Dopo 25 anni di detenzione, Giovanni Brusca, uno dei più spietati esponenti di Cosa Nostra, ha lasciato nel pomeriggio il carcere romano di Rebibbia. Il suo nome è tristemente legato ad alcune delle pagine più oscure della storia criminale italiana, a partire dalla strage di Capaci del 23 maggio 1992, in cui persero la vita il giudice Giovanni Falcone, sua moglie Francesca Morvillo e tre uomini della scorta.
Brusca, fedelissimo di Totò Riina, è stato per anni un temibile killer e uomo d’onore della mafia corleonese. Era lui a premere il telecomando che fece esplodere il tritolo sull’autostrada A29, nei pressi di Capaci, un attentato che segnò uno spartiacque nella lotta dello Stato contro la mafia.
Il boss, noto anche come “’u verru” (il porco), non è stato soltanto l’esecutore della strage di Capaci. Il suo nome è legato anche ad altri efferati delitti, tra cui l’atroce uccisione di Giuseppe Di Matteo, il figlio undicenne del collaboratore di giustizia Santino Di Matteo. Il piccolo venne rapito nel novembre 1993 e tenuto prigioniero per 779 giorni in condizioni disumane, prima di essere strangolato e sciolto nell’acido nel gennaio 1996. Il suo assassinio fu un tentativo di indurre il padre a ritrattare le sue dichiarazioni contro l’organizzazione mafiosa.
Nel corso degli anni, Giovanni Brusca ha scelto di collaborare con la giustizia, fornendo numerosi dettagli sulle dinamiche interne di Cosa Nostra e sui legami tra mafia e politica. Questa collaborazione gli ha permesso di ottenere significative riduzioni di pena. Come riportato dall’Espresso, Brusca ha quasi interamente scontato la sua condanna e ora dovrà osservare quattro anni di libertà vigilata, come stabilito dalla Corte d’Appello di Milano dopo il pronunciamento del Tribunale di sorveglianza di Roma.

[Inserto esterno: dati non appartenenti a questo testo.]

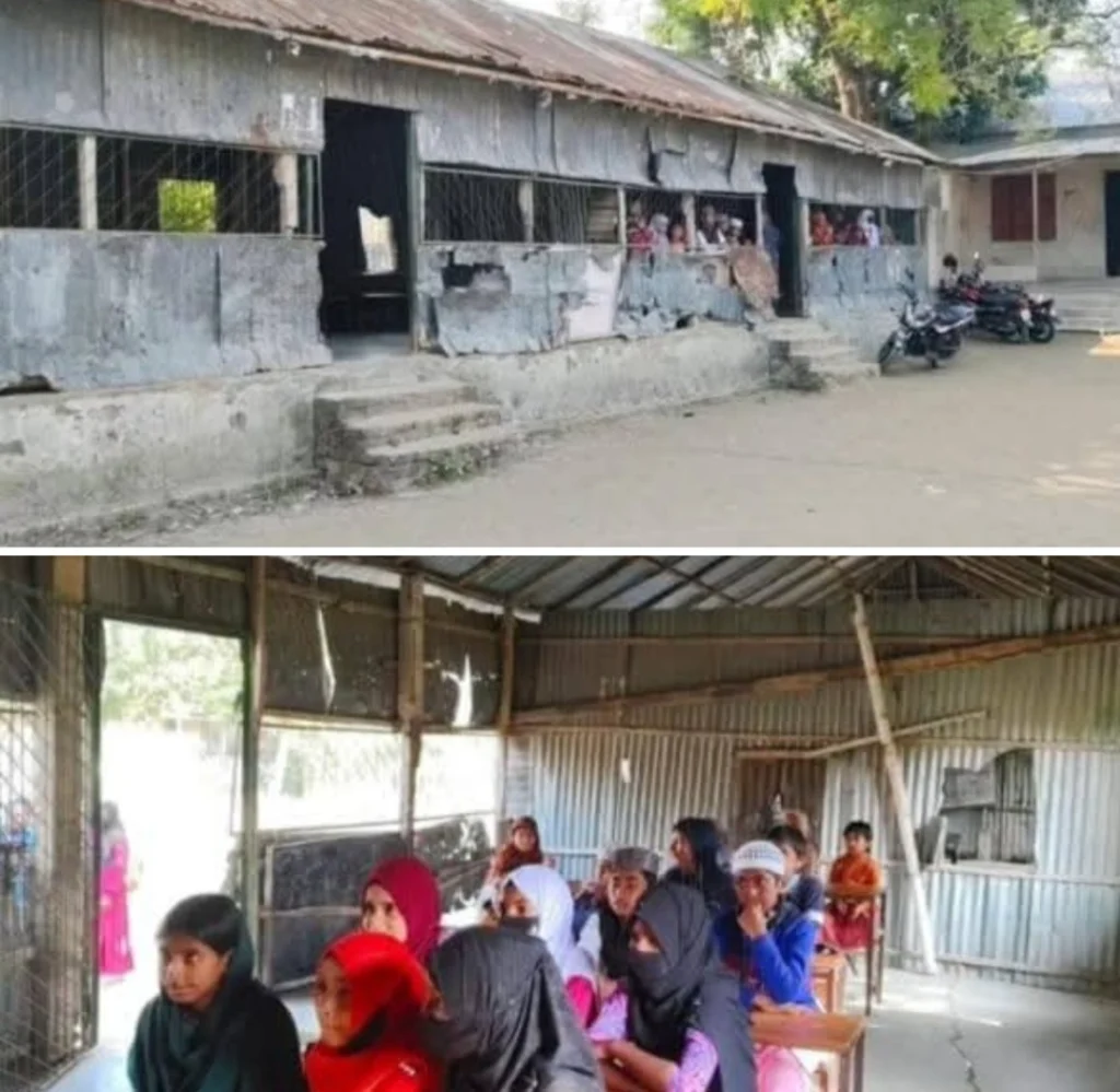 অন্য শিক্ষার্থী জাকিরুল ও মেরাজ জানায়, টিনের ছিদ্র দিয়ে আকাশ দেখা যায়। বৃষ্টি হলে শ্রেণিকক্ষে পানি ঢুকে বই-খাতা ভিজে যায়। তারা দ্রুত একটি নিরাপদ শ্রেণিকক্ষের দাবি জানায়।

La sua scarcerazione ha inevitabilmente riacceso il dibattito pubblico. Da un lato c’è chi, come molte associazioni antimafia e i familiari delle vittime, esprime profondo sconcerto e indignazione di fronte alla liberazione di un personaggio così compromesso con la violenza e la sopraffazione. Dall’altro lato, alcuni giuristi sottolineano come si tratti di una procedura prevista dalla legge: anche i collaboratori di giustizia, se giudicati sinceri e utili dallo Stato, hanno diritto a benefici penitenziari.
Resta il fatto che la figura di Giovanni Brusca rappresenta ancora oggi un simbolo di quanto sia stato brutale e disumana l’azione di Cosa Nostra negli anni ’80 e ’90. La sua liberazione non cancella né le sofferenze delle vittime né la memoria di quei terribili anni di sangue.